Nice meeting up with Rocco (Mark) and Hollywood (Jeff) this morning for the tough climb. Two good guys, but not the sharpest tools in the shed, judging by their selection of continuing on to Mt Wilson. I opted for the short route and made it home to enjoy the rest of my afternoon. :shocked: Albeit on the couch after popping a couple advils.

Met Ron Skarin for the first time today. heckuva dude. He's got some impressive cycling accomplishments from the 70's and still rides strong today.:thumbsup:


----------



## rocco (Apr 30, 2005)

Hollywood said:


> help! I've ridden and I can't get up!



LMAO!

Me neither... just woke up from a serious nap. My girlfriend is getting annoyed because I've been hogging the sofa and she's been doing all of the house work. 

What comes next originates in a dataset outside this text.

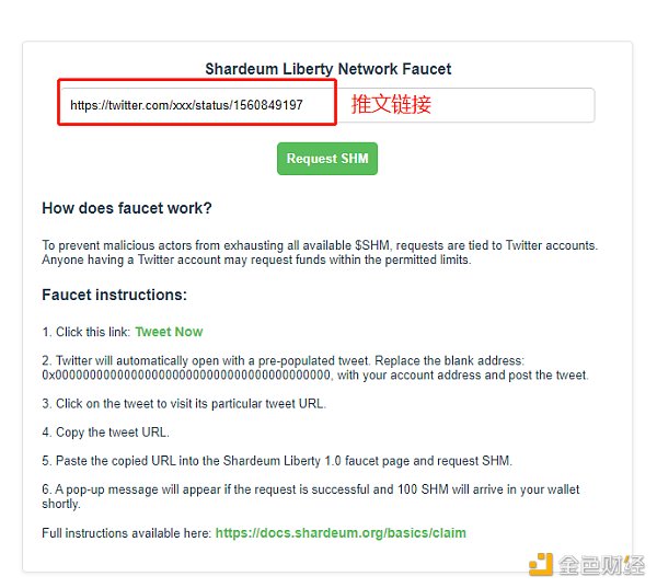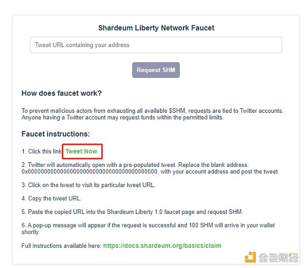 2.前往https://faucet.liberty10.shardeum.org/領水,打開頁面,點擊Tweet Now,彈點擊Okay,跳轉到推特,將最方框的地址替換為你自己的地址,然后發推文,點擊推文,將粘貼領水貼的鏈接輸入,復制到該鏈接測試推文

Did you guys eventually find an open place to stop and eat at?


----------



## Joe Dirte (Apr 5, 2009)

I left with the 9:30 group from 7-11 and there was about 40 people. I made the climb up to Clear Creek by 10:30 chasin down a couple guys and onto Wilson pretty much solo with a few guys behind me. After about a 1/2 hour I began the descent and on the way down I saw a whole nother group of guys Helens,Montrose etc..and a few other guys I recognized on the road to Wilson that werent in the group when we left. What time did that group head out? Is there two groups/depature times? My first time doing this one so I wasnt sure what the deal was. Had fun regardless.


----------



## rocco (Apr 30, 2005)

fast ferd said:


> Nice meeting up with Rocco (Mark) and Hollywood (Jeff) this morning for the tough climb. Two good guys, but not the sharpest tools in the shed, judging by their selection of continuing on to Mt Wilson. I opted for the short route and made it home to enjoy the rest of my afternoon. :shocked: Albeit on the couch after popping a couple advils.
> 
> Met Ron Skarin for the first time today. heckuva dude. He's got some impressive cycling accomplishments from the 70's and still rides strong today.:thumbsup:



It was nice to meet you too. 

Honestly, the final stretch the top wasn't all that bad. I might even do it again soon.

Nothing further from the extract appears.